Herod's success in maintaining order and promoting prosperity among his subjects induced Augustus to lay upon him the much more delicate and difficult duty of attempting to Hellenize them as well. The external unity of the empire had been achieved, but it as yet possessed no internal cohesion, and the only thing which prevented the huge structure from falling to pieces was the invincible constraint of Roman arms. Augustus wished to create an internal bond of union among the heterogeneous populations under his sway, and to attain this end adopted the project of permeating the unhellenized portions of the East with the tastes, habits, and customs of Greece and Rome. Herod, as far as his dominions were concerned, became a willing instrument of his imperial master, and made vigorous efforts to impart a Roman character to the land. In the Gentile portion of his government he erected splendid heathen temples, and dedicated them to Caesar. Roman spectacles were introduced, Roman theatres and amphitheatres constructed for the amusement of the populace; the military roads were studded with Roman monuments; cities, towns, palaces, and public edifices received Roman names, and especially the names of the imperial family Samaria became Sebaste, Straton's Tower became Caesarea, and the entire country presented the appearance of being thoroughly Romanized. In Judaea the king, who knew the temper of the inhabitants, went to work more warily, but even in this province he ventured to build a huge amphitheatre not far from the Holy City, and here the games instituted by Augustus in honour of his victory at Actium were celebrated in a magnificent manner. Contests with gladiators, chariot races, wild-beast fights could now be witnessed in the very heart of Judaism on a scale and with a splendour which compelled the admiration of the Gentiles themselves.

People from all parts of the empire were invited to these novel spectacles.

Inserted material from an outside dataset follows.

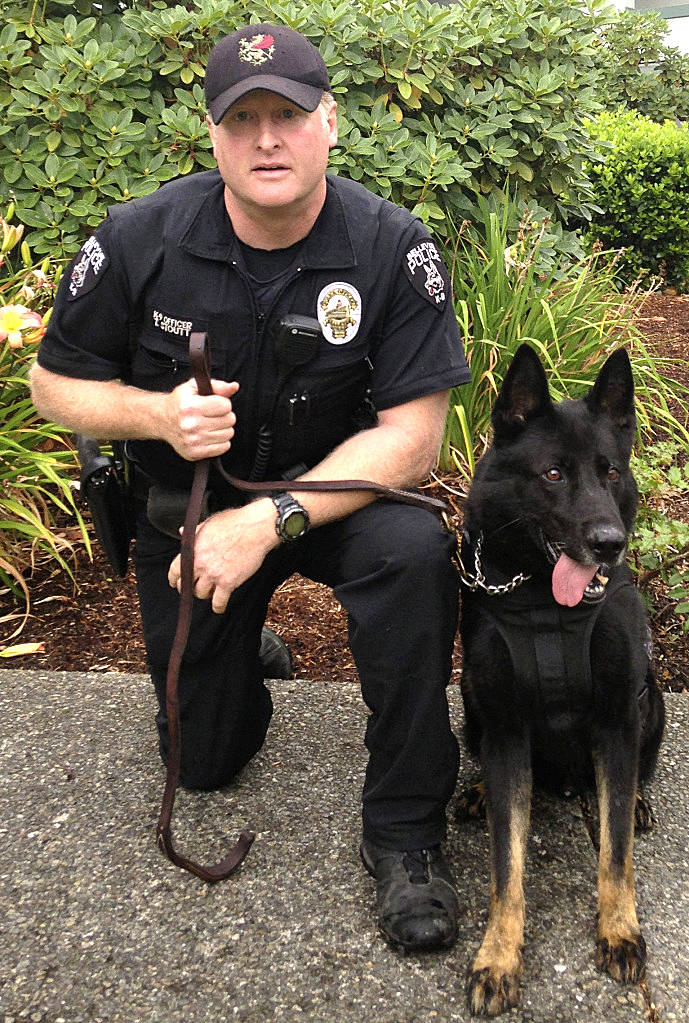 Bellevue Police K-9 Jack, shown here with his handler Officer Tim Stoutt, served the residents of Bellevue for more than seven years. Photo courtesy of the Bellevue Police Department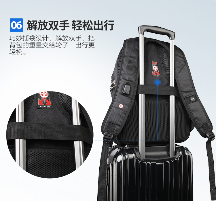 2: A pull rod can be inserted in the back, and a card and glasses can be inserted in the shoulder strap,have a hide zipper pocket,The shoulder strap has a USB port

Jerusalem ceased to be a city given up to priests, rabbis, and doctors of the law; it was unwillingly opened out to the more diversified life of the West. Foreign mercenaries from Galatia, Germany, and Thrace were now to be seen in its streets; foreign envoys and retainers were always frequenting the royal palace, and Western habits of life became more and more common and prominent in the capital; Greek orators, sophists, and historians gave an air of intellectual distinction to Herod's court; and two brothers, both able men, Nicolaus and Ptolemaeus, of Damascus, held high positions in the administration. Ptolemaeus did not possess the brilliant gifts of his brother, but he was of the utmost service to the king in the practical conduct of affairs, and exercised a wholesome influence on his passionate and suspicious nature. Nicolaus was Herod's confidential agent in his dealings with Augustus and the Roman officials He was a man of exceptional acquirements, at once a diplomatist, courtier, poet, and philosopher; he had also published well-known works on geography and history, and was a naturalist of repute besides. Other Greeks of lesser note also found their way into Herod's favour, some for good and others for evil, but all of them contributed towards Hellenizing the capital and giving a Western tone to the conduct of affairs.

While pursuing this line of policy Herod felt that he was inflicting deep wounds on Jewish religious susceptibility, and in order to allay public discontent pretended to be acting in obedience to commands from Rome. To a certain extent this excuse may be correct, for during the supremacy of Antony, he displayed little liking for works of art or Western modes of life, and his newborn zeal under Augustus probably proceeded from motives of statecraft and a desire to please his imperial master. Still, it is also worthy of being remembered that Herod was only half a Jew. By education he was a Greek. During his reign he surrounded himself with Greeks, and openly preferred them to his Jewish subjects. He delighted in their applause, loved to adorn their cities, restore their temples, subsidize their games, and, although his mind was never deeply penetrated by Hellenic culture, he had been taught to regard it as the highest and best. But with all his Gentile leanings, Herod was too much of a statesman to carry Hellenism beyond the point which his Jewish subjects could endure, and carefully avoided repeating the blunders of Antiochus Epiphanes. On the contrary, he tried to make political capital out of Jewish beliefs, especially those connected with the Temple 82) ?> and the Messianic hopes.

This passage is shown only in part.